#1
Hello everybody!,

I haven't played a lot of strats and don't know a very lot about them.
I've owned some cheap guitars in the past and my main instrument right now is a Gibson les paul. But since I like high quality intruments and enjoy the blues sound on a strat, I'm now going to buy my first strat in a couple weeks/months. I'm thinking in the price range around €2000. Maybe more maybe less, depends on the guitar. Now from my experience on the internet, people are all crazy about vintage fenders. I personally would love to have a vintage guitar at sometime, but am not willing to overpay a lot for a hype or something thats not necessarily greater than lets say a new guitar. Also I am afraid that a I will be blinded by the "vintage" and may overpay or miss something.

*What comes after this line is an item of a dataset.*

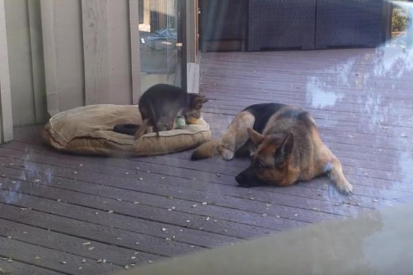 ... Njemačkog ovčara uporno pokušava da izbjegne spavanje igrajući se s gumenom igračkom. Nakon što ga je mama primijetila da je otišao iz svog krevetića vratila ga je nazad gurkajući ga i šapom ga postavila u ležeći položaj ne bi li napokon zaspao.

So how about new Strats? In comparison to the old ones. Are they so much different? With a new one quality is guaranteed.

Any advice?
#2
this will boil down to individual opinion but personally i think vintage stuff is cool but way over-hyped. YES, the quality stuff from way back when is drenched in mojo but the new high end stuff is really top notch. If you invest in a new Strat deluxe that you pick out (your color, your options, etc) you are getting the best and you picked it. again, just my opinion and there will be very good debate toward the vintage side as well. A good strat is always gonna be a good strat no matter what year it is from. Weigh the good and bad using what matters to you and that will help with the decision.
Quote by BlackVoid
Every guitar and bass forum I've visited has some people chasing some magical tone that will shoot jizzing unicorns riding on a rainbow out of their amp.
#3
I own a Fender Standard (Mexico), an American Standard, an American Deluxe HSS and have another American Standard on the way.

Vintage, or Vintage-spec Fenders (as in for example the American Vintage Series) have features such as small frets and very round fretboards (7,25'' radius) which can be very difficult to play for someone used to more modern specs.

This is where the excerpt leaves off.